There are actually quite a few studies out there that look at LLM code quality (...

scuff3d · 2026-03-17T03:23:22 1773717802

Code duplication is normally referring to duplicate code within the same code base, not writing something yourself instead of using a library.

keeda · 2026-03-17T19:38:24 1773776304

That's fair, but I suspect the underlying mechanism is the same -- the models prefer re-writing code from scratch rather than looking around for reusable abtsractions, which may exist just a few modules over, or -- for smaller models -- sometimes even in the same file. They're not copy-pasting the code for sure, just regenerating de novo.

This is the most common issue I find, even with the latest models. For normal logic it's not too bad, the real risk is when they start duplicating classes or other abstractions, because those tend to proliferate and cause a mess.

I don't know if it's the training or RL or something intrinsic to the attention mechanism, but these models "prefer" generating new code rather than looking around for and integrating reusable code, unless the functionality is significant or they are explicitly prompted otherwise.

I think this is why AGENTS.md files are getting so critical -- by becoming standing instructions, they help override the natural tendencies of the model.

scuff3d · 2026-03-17T19:45:21 1773776721

Yeah I agree that it's not copy/pasted the way a dev would, but I think the end result is the same.
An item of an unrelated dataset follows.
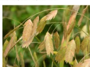
V.89 Chasmanthium latifolium zon/hs, h 80, bl 8-9
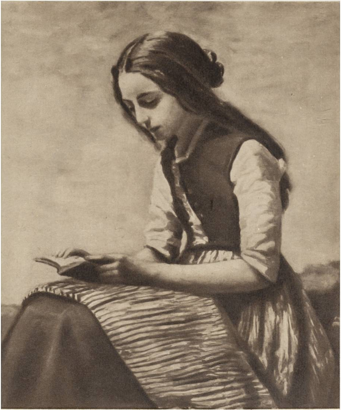
Lesendes Mädchen, von Camille Corot, Paris, 1796-1875. (Privatbesitz Winterthur.)

The more it needlessly duplicates code, the more brittle things will become. Changes will get harder and harder to implement as the number of sites that have to change increases.

On the other hand, I think driving down the need for external dependencies can be a net win. In my experience you usually need a very tiny slice of what a dependency actually offers, and often you settle for making design compromises to fit the dependency into your system, because the cost of writing it yourself is too high. LLMs definitely change that calculus.

I've found agent.md files are more a bandaid then anything. I've seen agents routinely ignore/forget them, and the larger the code base/number of changes they're making the more frequently they forget.